Data for the task section start

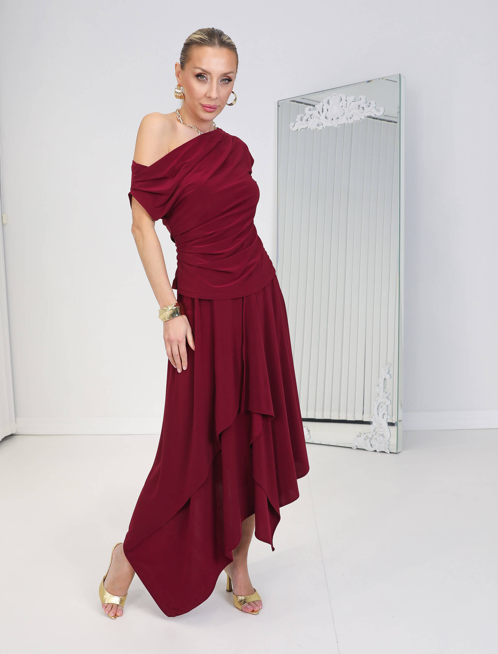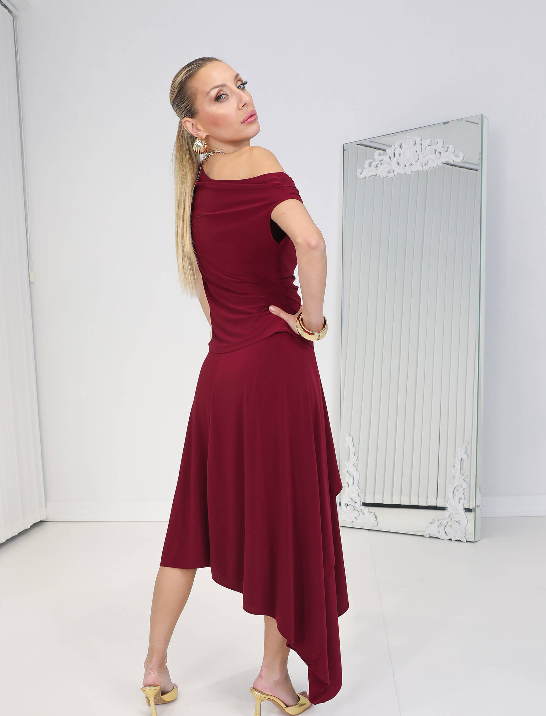 Bordo Asimetrik Etekli Volare Takım
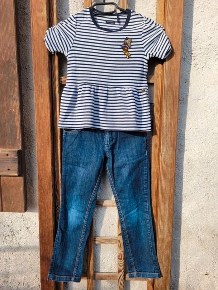 IKKS ensemble 2 pièces haut marinière manches courtes et jeans 👖 6 ans
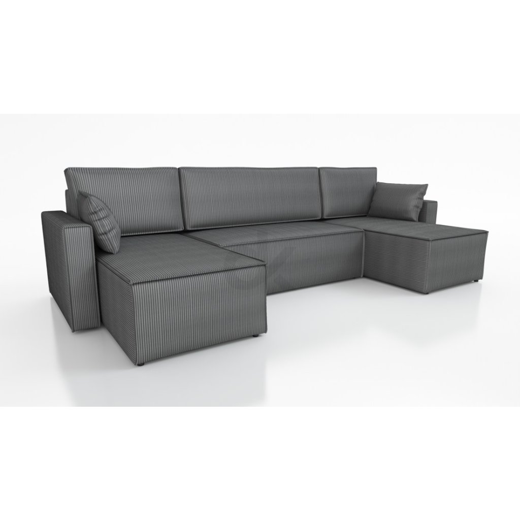 RUBI U je moderní sedací souprava, která zaujme čistým designem, prostorným posezením a příjemnou potahovou látkou připomínající manšestr. Hlavní výhodou je rozkládací plocha o rozměrech 131x285 cm a velký úložný prostor na lůžkoviny. Sedák z kvalitní studené pěny T28/42 a vlnité pružiny zajišťuje vysoký komfort při sezení i spaní, zatímco měkké opěrky a polštáře poskytují perfektní podporu zad i hlavy.
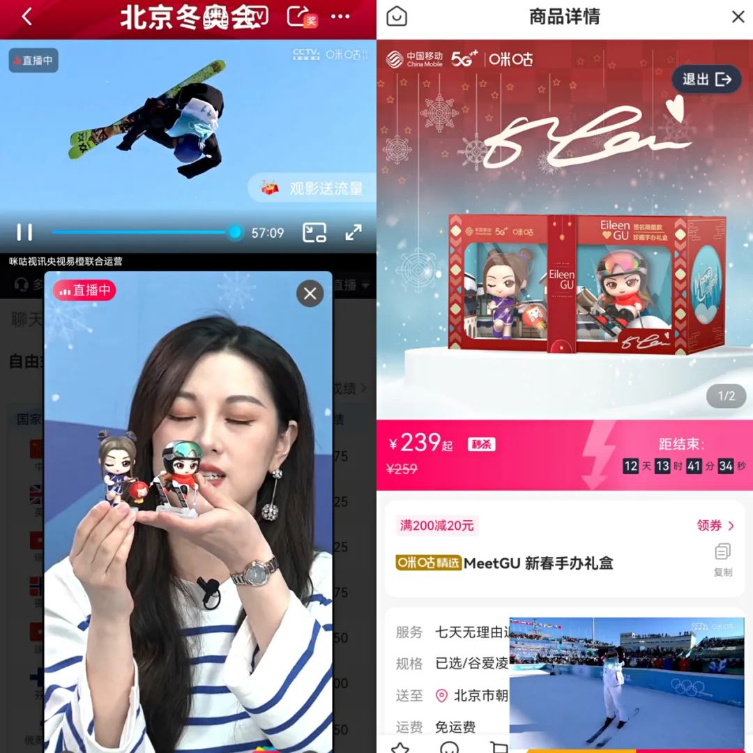 而作为拥有直播版权的平台,咪咕在此次冬奥直播中大放异彩,自然在赛前,就对谷爱凌的这场比赛下了十足的功夫。就在谷爱凌的比赛直播进行的同时,咪咕的线上商城直播也在同步开启。谷爱凌在这边的跳台上坐着热身,那边两位主播在演播室展示着谷爱凌的手办玩偶。据主播亲自讲述,这两只售价239元的手办是谷爱凌授权的,之后肯定会溢价,现在入手便是最合适的时机。
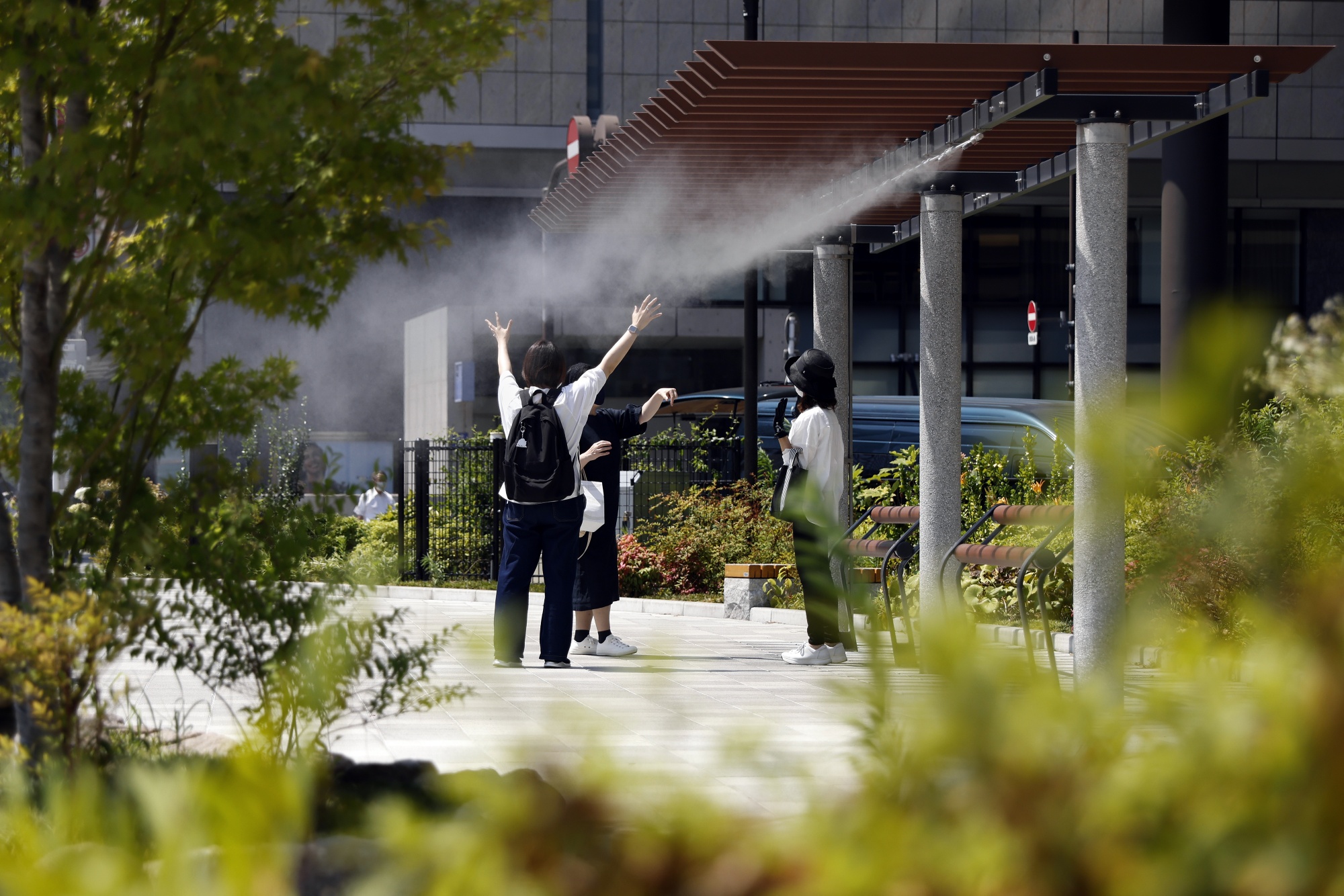 东京去年夏季热浪期间使用的冷却雾喷雾。摄影师:Kiyoshi Ota/Bloomberg居民被敦促减少使用从烘干机到烤面包机等耗能设备,但在炎热的夏季月份有中暑风险时建议继续使用空调。
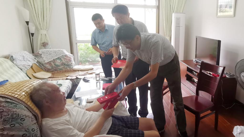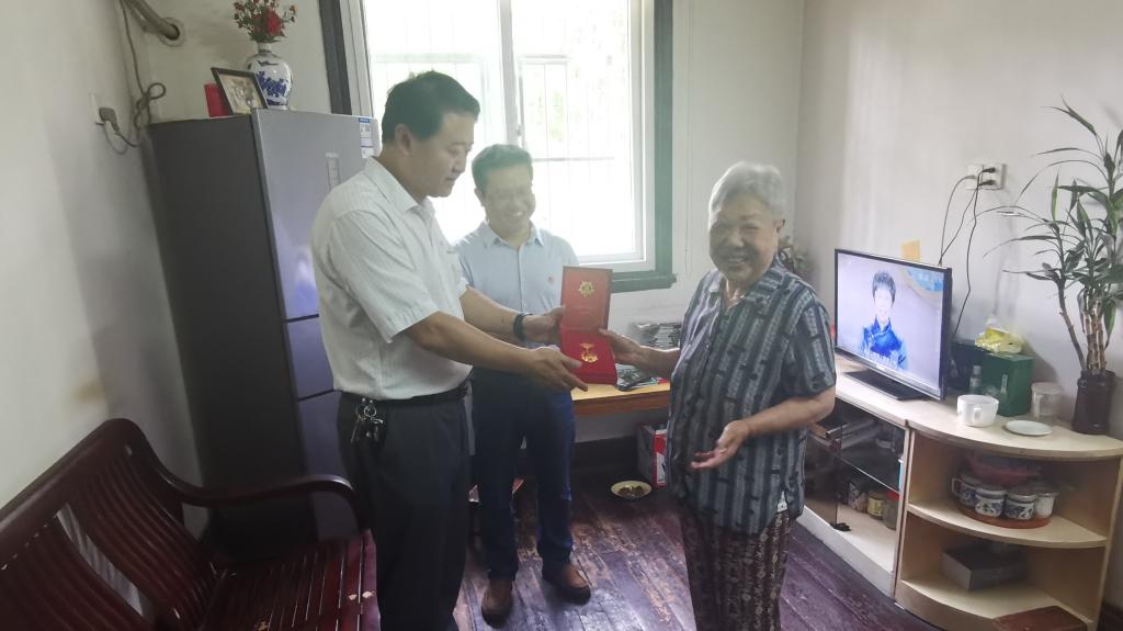 6月28日,党委常委、副校长韩军代表学校向我院退休老党员余茂笈老先生颁发“光荣在党50年”纪念章。6月30日,学院党政领导来到退休老党员张玉屛老师家,向张老师颁发“光荣在党50年”纪念章。6月30日,学院总支书记黄洪雷在蜀山烈士陵园学院主题党日活动现场向退休老党员刘雪英老师颁发“光荣在党50年”纪念章。(通讯员:裴顺)
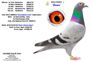 Afgelopen seizoen hadden Paul en Sven nog twee toppers van het ‘bouwjaar’ 2024. ‘Emma’ won de 5e Nationaal Narbonne tegen 3.734 duiven (24e Internationaal tegen 7.621 duiven). De vader van deze goede jaarling won zelf de 23e Aurillac tegen 1.437 duiven. Hij komt uit een zoon van het topkoppel Asgrauwen Libourne met de Pau-duivin. De oma van vaderskant is de moeder van de 23e Nationaal Narbonne. Zij komt uit ‘De Gekwetsten’ van Collet-Dubois met ‘De Blauwe Haelters’ van Yvan Haelters. De moeder is een zus van ‘Almost Agen’, die de 2e Nationaal Agen won. Deze zus is de moeder van de 1e Nationaal Narbonne tegen 3.734 duiven. Zij komt uit een zeer goed kweekkoppel Zoon Bordeaux-duivin met de ‘Vale Van de Walle’.
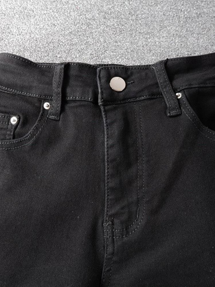 Hole Pencil Bukser Mid Waist Zipper Jeans
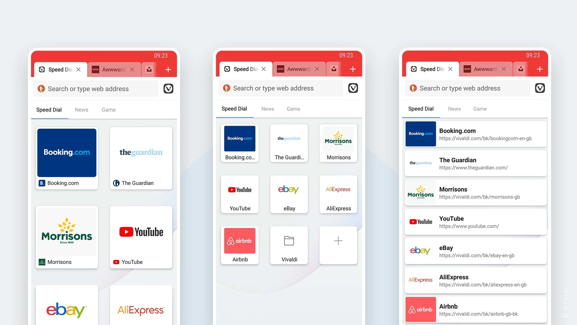 Vivaldi met également à jour son application Android. Le principal changement apporté par cette mise à jour concerne la présentation de Speed Dial. Les onglets Speed Dial affichent désormais les favoris de la page ainsi que le titre. Vous pouvez également choisir d’afficher un grand Speed Dial, un plus petit ou une liste. La mise en page préférée peut être modifiée dans « Paramètres -> Page d’accueil ».

Data for the task section end

Out of the records above, set down only the lines from the one that contains "东京去年夏季热浪期间使用的冷" through the one that contains "6月28日,党委常委、副校长", unchanged and without the pictures.

→ Result of the task
 东京去年夏季热浪期间使用的冷却雾喷雾。摄影师:Kiyoshi Ota/Bloomberg居民被敦促减少使用从烘干机到烤面包机等耗能设备,但在炎热的夏季月份有中暑风险时建议继续使用空调。
 6月28日,党委常委、副校长韩军代表学校向我院退休老党员余茂笈老先生颁发“光荣在党50年”纪念章。6月30日,学院党政领导来到退休老党员张玉屛老师家,向张老师颁发“光荣在党50年”纪念章。6月30日,学院总支书记黄洪雷在蜀山烈士陵园学院主题党日活动现场向退休老党员刘雪英老师颁发“光荣在党50年”纪念章。(通讯员:裴顺)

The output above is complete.